Friday, December 10, 2010

My immortal

This is the song I sang at my grandfathers memorial service. I sang it with my little sister. Thought you might enjoy it.
Well I have yet to find any answers. I do know that Amanda (Josh's mom) is the sweetest woman I have met in a long time. She is so thoughful. Its amazing how strong she is now a days. She is getting through the holidays missing her baby boy of course, but she makes me smile just about everyday. She honors me in ways I can't explain. I won't even begin to try and explain, it would get way to compicated. She is such an amazing person, she should have never had to deal with the loss of her son due to ignorance and stupidity. Not stupidity on his or her part but stupidity on the part of his peers. The ones that gave him crap at school, the ones who wouldn't let Josh be Josh. I blame them and only them for his tragic death. Its crazy what bullying really can do to a person. It has the ability to take someones life. Someone who is so sweet and nice to everyone around him. He certainly did not deserve to loose his life and Amanda certainly didn't deserve to have to go through life without her son. :(
I try everyday to be a better person. To be more like Amanda. To be thoughful to everyone around me and to always try and do the right thing. I don't know if I succeed but the thought that I have tried certainly helps.
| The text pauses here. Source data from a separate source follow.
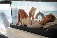 Comfort, not complicated. Full air conditioning, Wi-Fi, an indoor audio system, and a Smart TV/TV in the saloon cover the downtime hours, and there is an outdoor shower for the quick rinse before you head back inside.
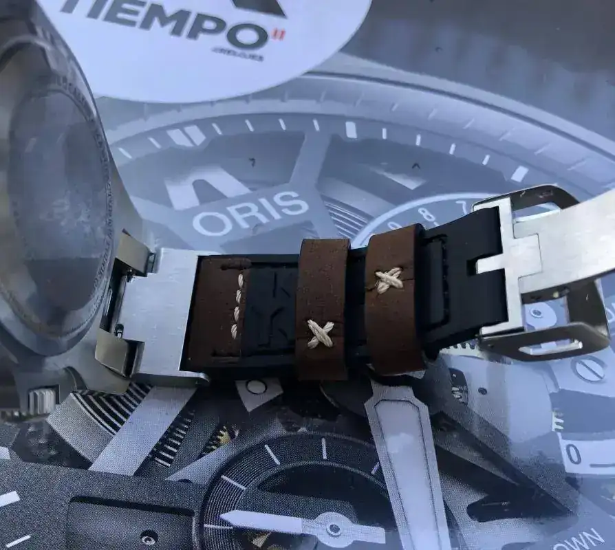 La correa de piel con pespunte le da un toque "elegante". Por el interior es de caucho. Es bastante dura.
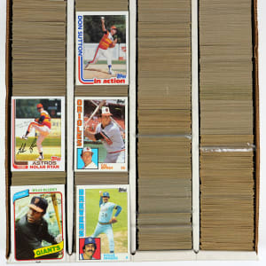 1982 Topps: (2,300+ cards, includes one PSA graded) with (4) #21 Ripken RC (one PSA NM-MT 8, one VG-EX, (2) low-grade), (11) #435 Yount;
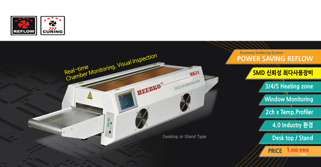 이 시스템에 포함된 장비는 에코 프렌들리 장비로 작동 전류는 3.5A다. 소형 리플로우에서 N2 지원도 가능하다. 장비의 온도 오차 값은 ±1℃다.
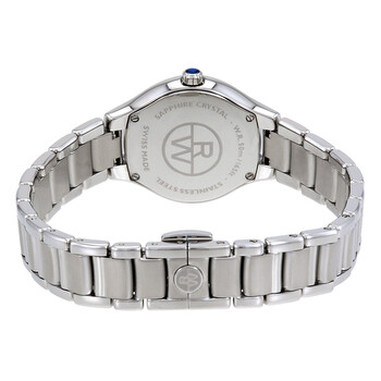 Stainless steel case with a stainless steel bracelet. Fixed stainless steel bezel. Mother of pearl dial with silver-tone hands and diamond hour markers. Roman numerals mark the 6 and 12 o'clock positions. Minute markers around an inner ring. Dial Type: Analog. Quartz movement. Scratch resistant sapphire crystal. Pull / push crown. Solid case back. Case size: 27 mm. Case thickness: 7 mm. Round case shape. Band width: 14 mm. Hidden fold over clasp. Water resistant at 50 meters / 165 feet. Functions: hour, minute. Dress watch style. Watch label: Swiss Made. Item Variations: 5127 ST 00985, 5127.ST.00985, 5127ST00985. Raymond Weil Noemia Mother of Pearl Dial Ladies Watch 5127-ST-00985.

Amanda this message is for you: Your son was the luckiest kid I know. He has such a supporting mom. His memory will stay alive through you and Aly and Evan and I. We promise this world misses him more than you realize. You are a strong person to have triumphed over such adversity. I don't know what I would have done if I were in your shoes. I can tell you that I probably wouldn't have had half the strength you have. You are such an amazing person. Thank you for all that you do to keep Josh's memory alive and also thank you for all that you do for us.

Friday, December 3, 2010

The Holidays

The holidays are very hard for me each year. Thats probably because I keep feeling like my family isn't a family anymore. Everyone is fighting with everyone, and its just not what it used to be when I was a kid. You would think that as time passes it would just get easier to not see family on the holidays. But it doesn't there is nothing about it that gets easier. My grandmother moved out to California, because of her arthritus. It hurts her too badly to be in NH in the winter. However my mom moved out there as well. So, now I don't really have any family per say here anymore. It's very very sad. I used to wake up on Christmas morning and be so excited to see everyone. Now I don't get to see anyone so I don't have the excitement anymore. Noone tells you when you're a kid to cherish every family moment you may have. So, you don't think to do it. Its when someone that you loved so dearly leaves this earth that you wish you could turn back time and be with them again. Thats how I feel this year. I am not into the Christmas spirit at all. I just don't feel it anymore. Its just another day to me, one that I don't have to work. So, really its just another day off. I know its supposed to mean something, but what?? I just don't know anymore.
I am really glad I have Alyson otherwise I think I would probably just stay at home and cry all day on Christmas. I just don't find the joy in it anymore. I think its a big waste of money to show people you care. Why do they need presents to show them you care? Why is this such a HUGE holiday? I am hoping to find my answers soon. I am hoping the spirit of Christmas will come to me. I just don't know when, or if it will. I don't like Christmas this year. At least last year I got to see my mom and my Grandmother for the holidays. This year I don't even get to do that. Last Christmas may be the last Christmas I got to see my grandmother. She doesn't have a lot of money so its hard for her to come out here. I wish I could fly her out here for her birthday. At least its warm here in July. Then I wouldn't have to worry about her hurting the entire time she is here. Thats not fair to my grandmother. She doesn't deserve that kind of pain. She deserves nothing but happiness. She lost her husband of 45 years, what more can she take? Now she is taking care of my mom, which is crap in my eyes. My mom should be taking care of her. My grandmother shouldn't have to worry if my mom ate today, or if she is going to get out of bed today. I just want my grandmother to have some peace in her life. For once just peace. No bullshit, no winey ass kids, Just peace.
What made it even harder when my Grandmother came here for Christmas last year was that none of her children are getting along anymore. She can't have them all in the same room without a fight or some snide remarks. Couldn't they just have put all the bullshit aside for one friggin day?? For my grandmother?? No, of course not, they have to be jerks to eachother and make my grandmother cry. I will not stand for anyone hurting her ever again. I can't deal with that. Papa's not here to put his foot in people's asses so it looks like its gotta be me. Its sad, but true. All I want is for my grandmother to have all of her kids and grandkids together for one day. Just to see the smile that she so deserves to have on her beautiful face. I love you Mammy!!